Анна Ахматова является одним из представителей этого безыдейного реакционного литературного болота. Она принадлежит к так называемой литературной группе акмеистов, вышедших в свое время из рядов символистов, и является одним из знаменосцев пустой, безыдейной, аристократически-салонной поэзии, абсолютно чуждой советской литературе. Акмеисты представляли из себя крайне индивидуалистическое направление в искусстве. Они проповедовали теорию искусства для искусства, красоты ради красоты, знать ничего не хотели о народе, о его нуждах и интересах, об общественной жизни…

Тематика Ахматовой насквозь индивидуалистическая. До убожества ограничен диапазон ее поэзии — поэзии взбесившейся барыньки, мечущейся между будуаром и молельной. Основное у нее — это любовно-эротические мотивы, переплетенные с мотивами грусти, тоски, смерти, мистики, обреченности.
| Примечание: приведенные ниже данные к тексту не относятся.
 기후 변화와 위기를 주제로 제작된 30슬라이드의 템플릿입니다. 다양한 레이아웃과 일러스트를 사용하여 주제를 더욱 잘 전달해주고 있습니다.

Чувство обреченности — чувство, понятное для общественного сознания вымирающей группы, — мрачные тона предсмертной безнадежности, мистические переживания пополам с эротикой — таков духовный мир Ахматовой, одного из осколков безвозвратно канувшего в вечность мира старой дворянской культуры, добрых старых екатерининских времен. Не то монахиня, не то блудница, а вернее блудница и монахиня, у которой блуд смешан с молитвой.
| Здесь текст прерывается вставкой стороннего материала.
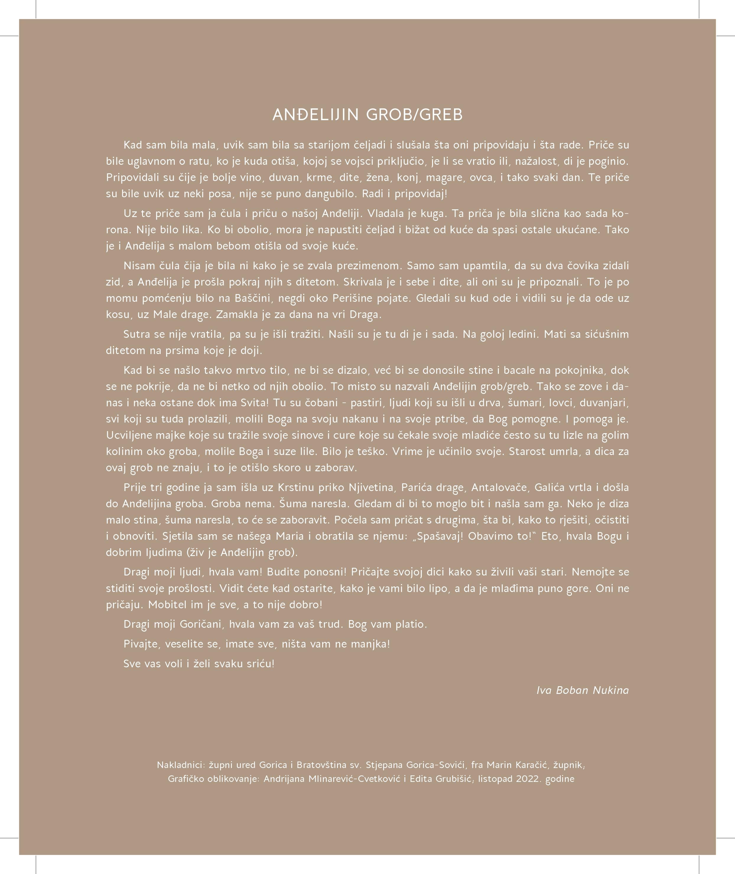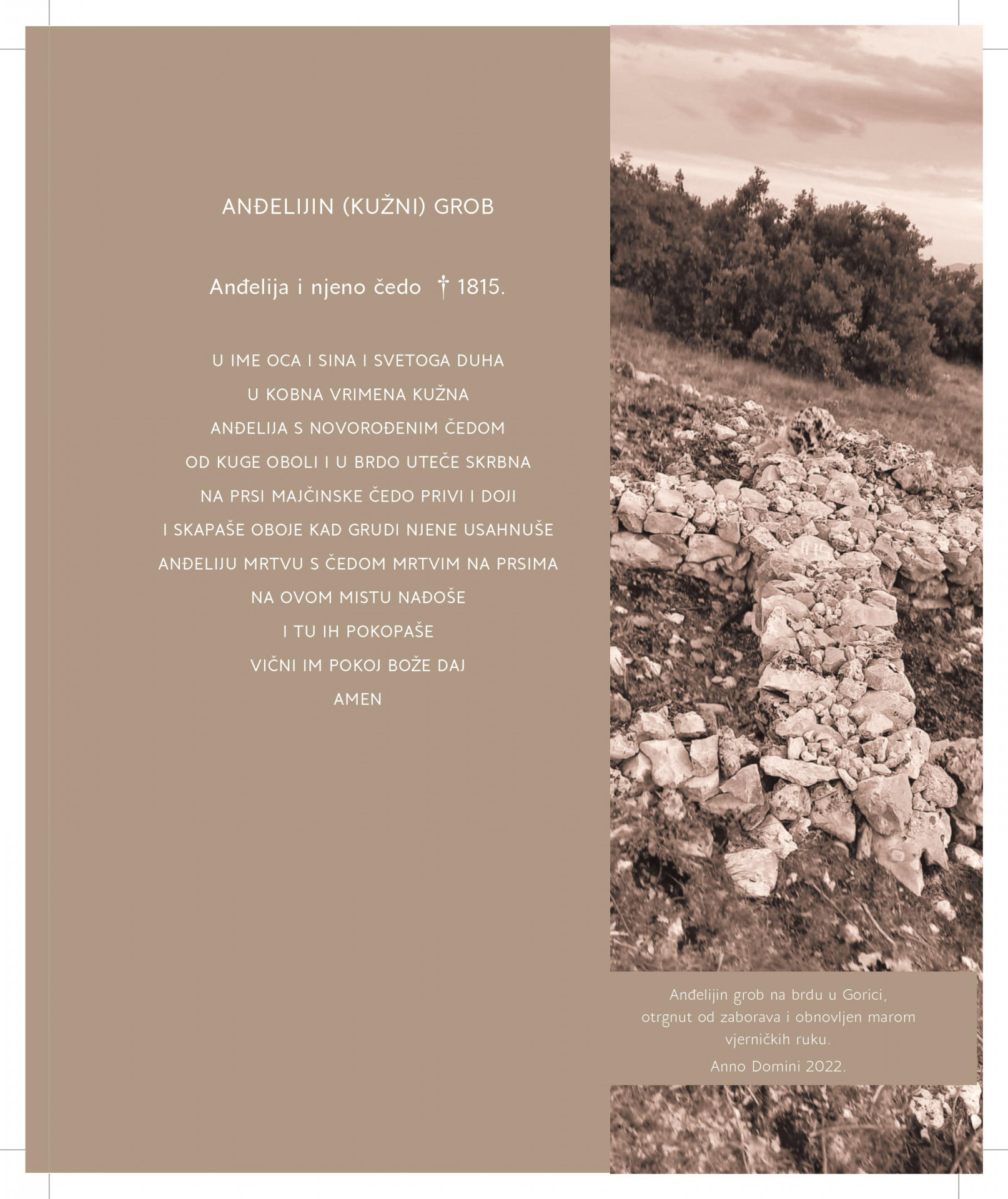Bratovština sv. Stjepana Prvomučenika Gorica-Sovići i i župni ured Gorica-Sovići organiziraju blagoslov kužnog Anđelijina groba u povodu svetkovine Svih svetih i spomena vjernih mrtvih u nedjelju 23. listopada u 14 sati na brdu iznad Gorice (pod Galića bristom, na putu od Njiverica prema Nečajnu).

Но клянусь тебе ангельским садом,
Чудотворной иконой клянусь
И ночей наших пламенным чадом…
(Ахматова, „Anno Domini“)

Такова Ахматова с ее маленькой, узкой личной жизнью, ничтожной и религиозно-мистической эротикой.

Ахматовская поэзия совершенно далека от народа. Это — поэзия десяти тысяч верхних слоев старой дворянской России, обреченных, которым ничего уже не оставалось, как только вздыхать по доброму старому времени. Помещичьи усадьбы екатерининских времен с вековыми липовыми аллеями, фонтанами, статуями и каменными арками, оранжереями, любовными беседками и обветшалыми гербами на воротах. Дворянский Петербург; Царское Село; вокзал в Павловске и прочие реликвии дворянской культуры. Все это кануло в невозвратное прошлое! „Все расхищено, предано, продано“ — так пишет Ахматова…

Почему вдруг понадобилось популяризировать поэзию Ахматовой? Какое она имеет отношение к нам, советским людям? Почему нужно предоставлять литературную трибуну всем этим упадочным и глубоко чуждым нам литературным направлениям?..

И вдруг на двадцать девятом году социалистической революции появляются вновь на сцену некоторые музейные редкости из мира теней и начинают поучать нашу молодежь, как нужно жить. Перед Ахматовой широко раскрывают ворота ленинградского журнала, и ей свободно предоставляется отравлять сознание молодежи тлетворным духом своей поэзии.

 

В журнале „Ленинград“, в одном из номеров, опубликовано нечто вроде сводки произведений Ахматовой, написанных в период с 1909 по 1944 год. Там наряду с прочим хламом есть одно стихотворение, написанное в эвакуации во время Великой Отечественной войны. В этом стихотворении она пишет о своем одиночестве, которое она вынуждена делить с черным котом. Смотрит на нее черный кот, как глаз столетия. Тема не новая. О черном коте Ахматова писала и в 1909 году. Настроения одиночества и безысходности, чуждые советской литературе, связывают весь исторический путь творчества Ахматовой.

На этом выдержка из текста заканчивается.